Let’s walk through an example of what happens when a new row is added to a Delta Table. We’ll go step by step, including how the transaction log (_delta_log) and Parquet files are updated.

Scenario

  • You have a Delta Table with the following data stored in a single Parquet file (1.parquet):
idname
1Arun
2Bala
  • You want to add a new row to the table: (3, "Raj").

Step-by-Step Process

1. Initial State

  • The table is created with 1.parquet, and the transaction log (0.json) records this initial state:
0.json
{
  "version": 0,
  "actions": [
    {
      "add": {
        "path": "1.parquet",
        "size": 1234, // size of the file
        "dataChange": true,
        "stats": "{\"numRecords\": 2}" // stats about the file
      }
    }
  ]
}
  • At this point, the table contains only 1.parquet, and the transaction log (0.json) reflects that.

2. Adding a New Row

When you add the new row (3, "Raj"), the following happens:

Insert operation on a delta table

  1. A new Parquet file (2.parquet) is created: This file contains only the new row: (3, "Raj").

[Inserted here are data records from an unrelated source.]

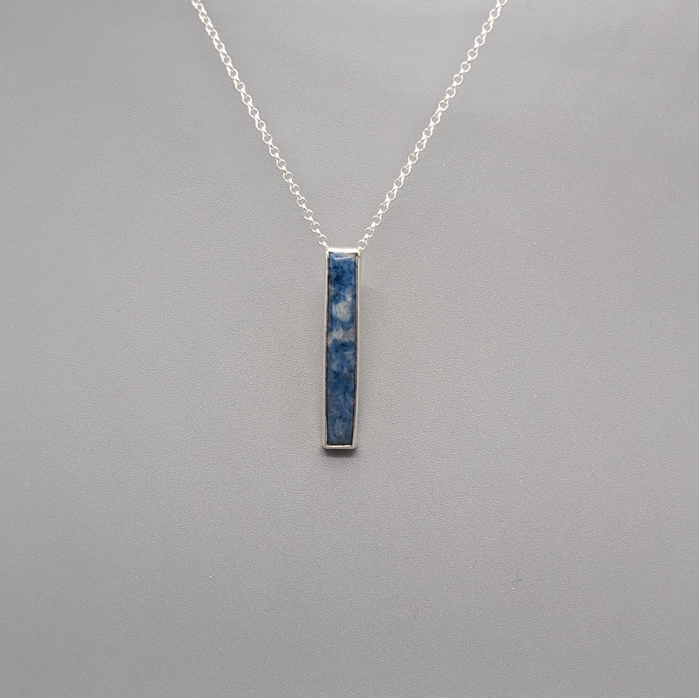 Silver necklace with a rectangular blue stone pendant on a gray background.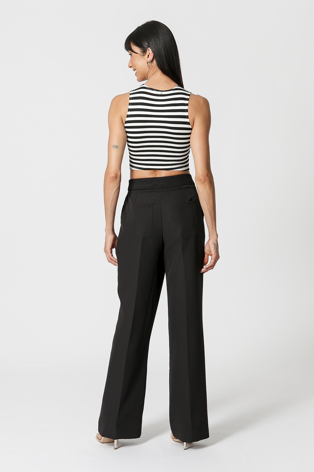 Blusa corta sin mangas. Fabricado en tejido de punto a rayas. Un modelo básico, perfecto para crear looks casual.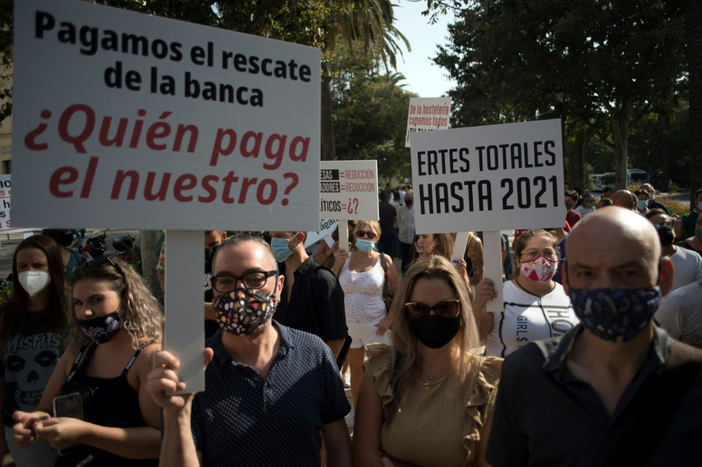 - © 2020 AFP | Crée le 07.10.2020 à 13h05 | Mis à jour le 07.10.2020 à 13h10ImprimerManifestation contre les restrictions anti-Covid-19 imposées au secteur de la restauration en Espagne, le 22 septembre 2020 à Malaga JORGE GUERRERO-AFP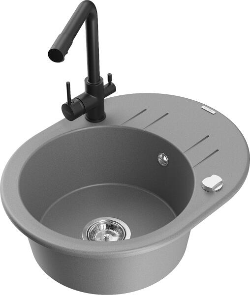 Mexen Kevin, gránit mosogató 586x458x190 mm, 1 kamrás és fekete Duero csaptelep, szürke, 6517-71-671600-70 Gyártó: Mexen Sorozat: Kevin Modell: 1 kamrás, rövid leeresztővel Felszerelés: munkalapra Hossza 586 mm Szélesség 458 mm Magasság: 190 mm Kamra mérete: 378x374 mm Kamra mélysége: 175 mm A lefolyó átmérője: Ø 90 mm Szifon + automatikus leeresztő csavar Anyaga: gránit (8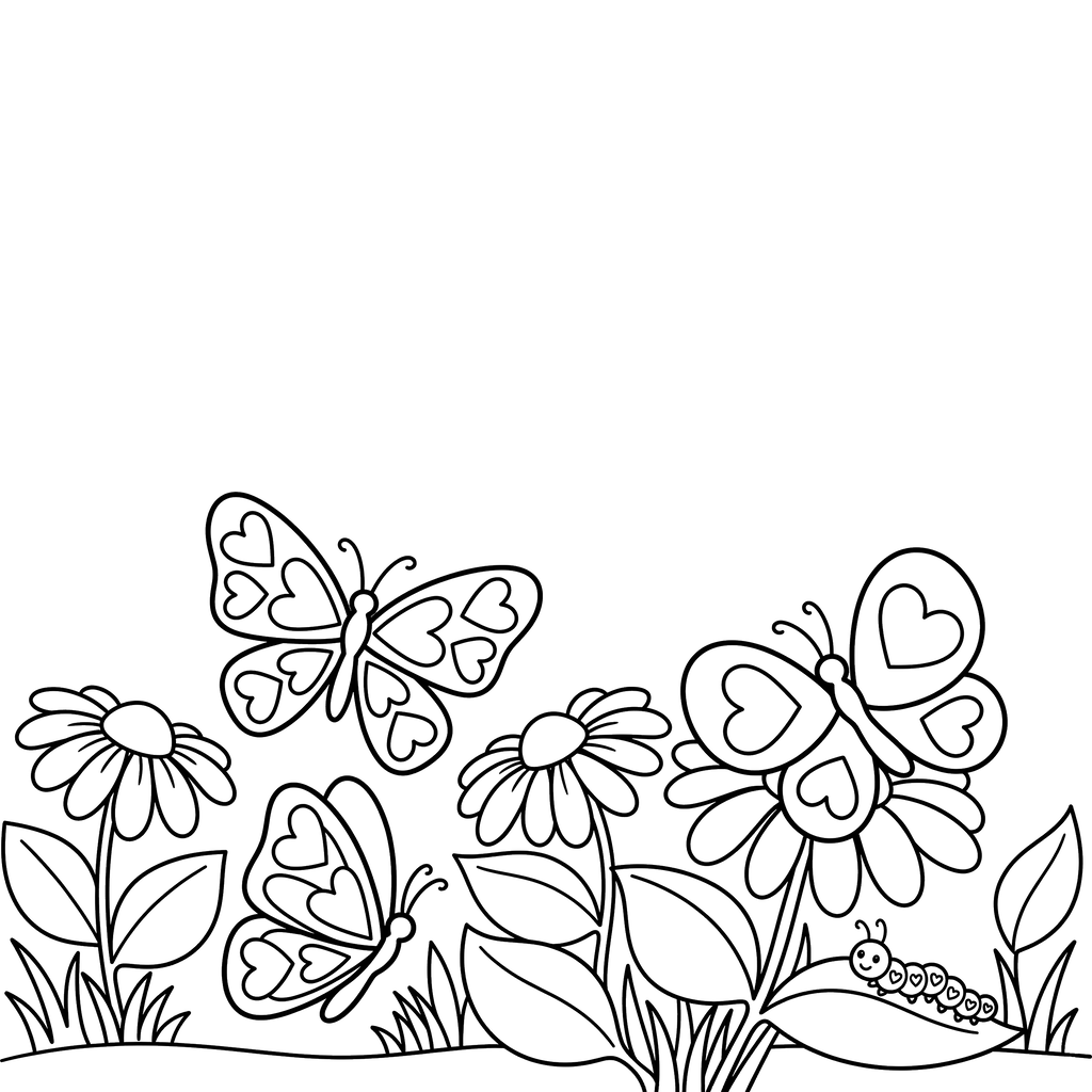 Três encantadoras borboletas com asas com padrão de corações esvoaçam entre um jardim vibrante de flores desabrochando e relva luxuriante, com uma pequena lagarta a repousar numa folha. Esta cena deliciosa oferece uma bela oportunidade para dar vida à beleza da natureza com cor.
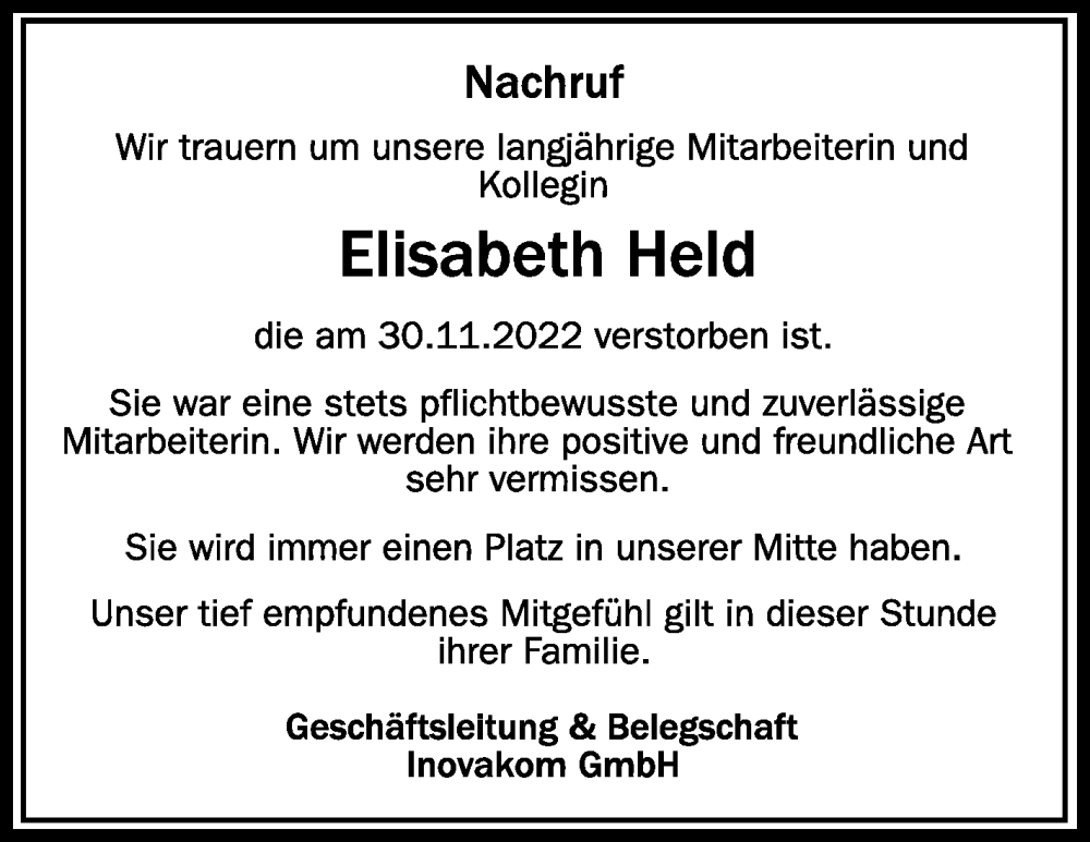 Hier finden Sie alle Traueranzeigen aus der Zeitung, die bisher für Elisabeth Held erschienen sind. Weitere Traueranzeigen, die in der Zeitung erscheinen, werden hier ebenfalls aufgelistet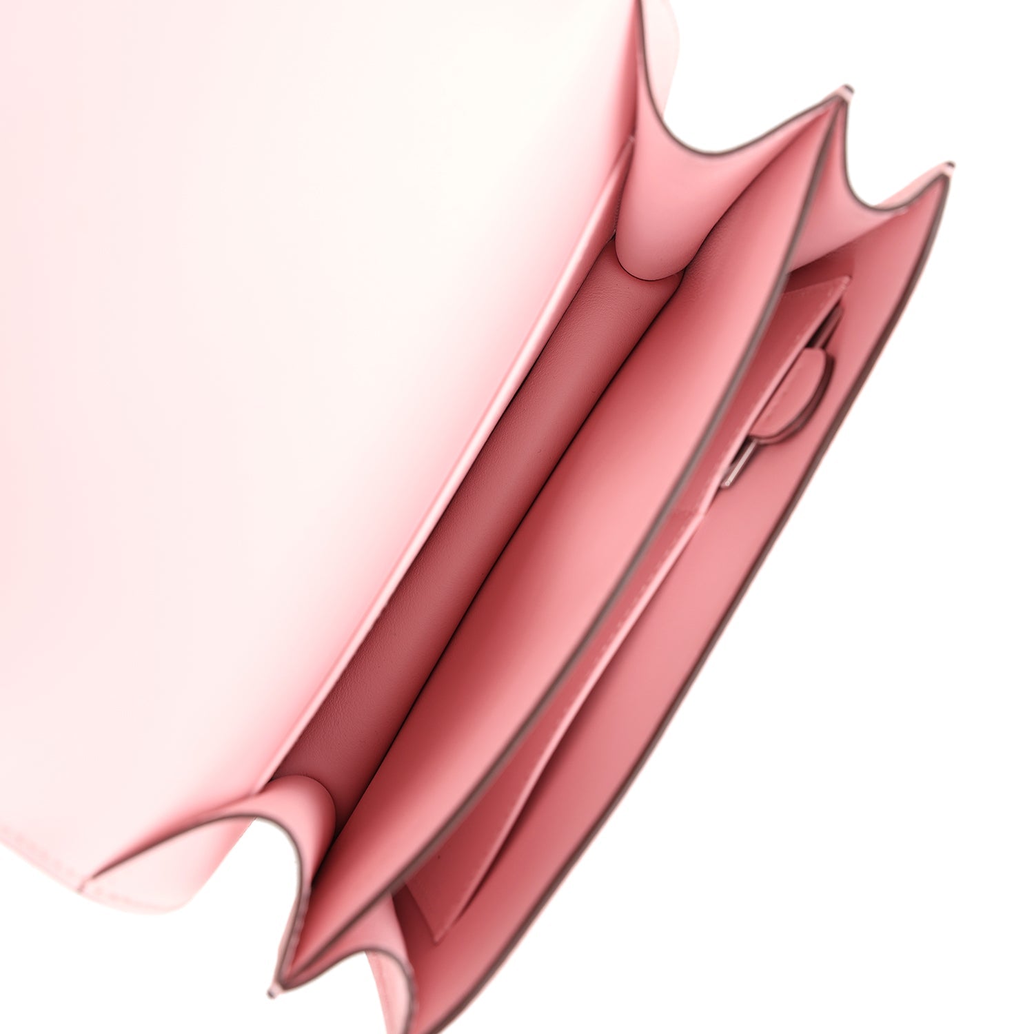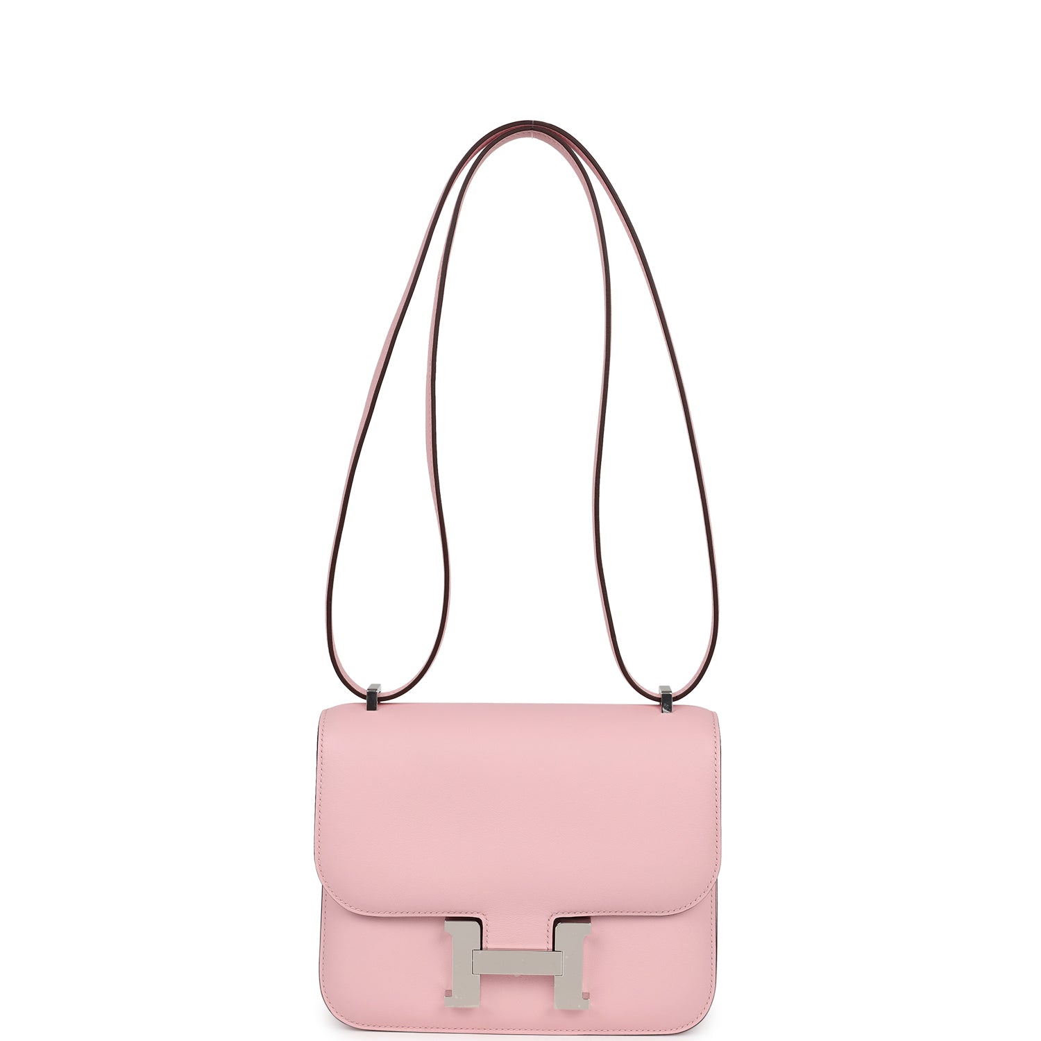 This Constance 18 is in Rose Sakura swift leather with palladium hardware, tonal stitching, a metal "H" snap lock closure and adjustable shoulder strap.

  2. The transaction log is updated: A new transaction log entry (1.json) is created to record the addition of 2.parquet.

1.json
{
  "version": 1,
  "actions": [
    {
      "add": {
        "path": "2.parquet",
        "size": 567, // size of the new file
        "dataChange": true,
        "stats": "{\"numRecords\": 1}" // stats about the new file
      }
    }
  ]
}

3. Final State

After the new row is added: The table now has two Parquet files:

  • 1.parquet: Contains the original rows (1, "Arun") and (2, "Bala").

  • 2.parquet: Contains the new row (3, "Raj").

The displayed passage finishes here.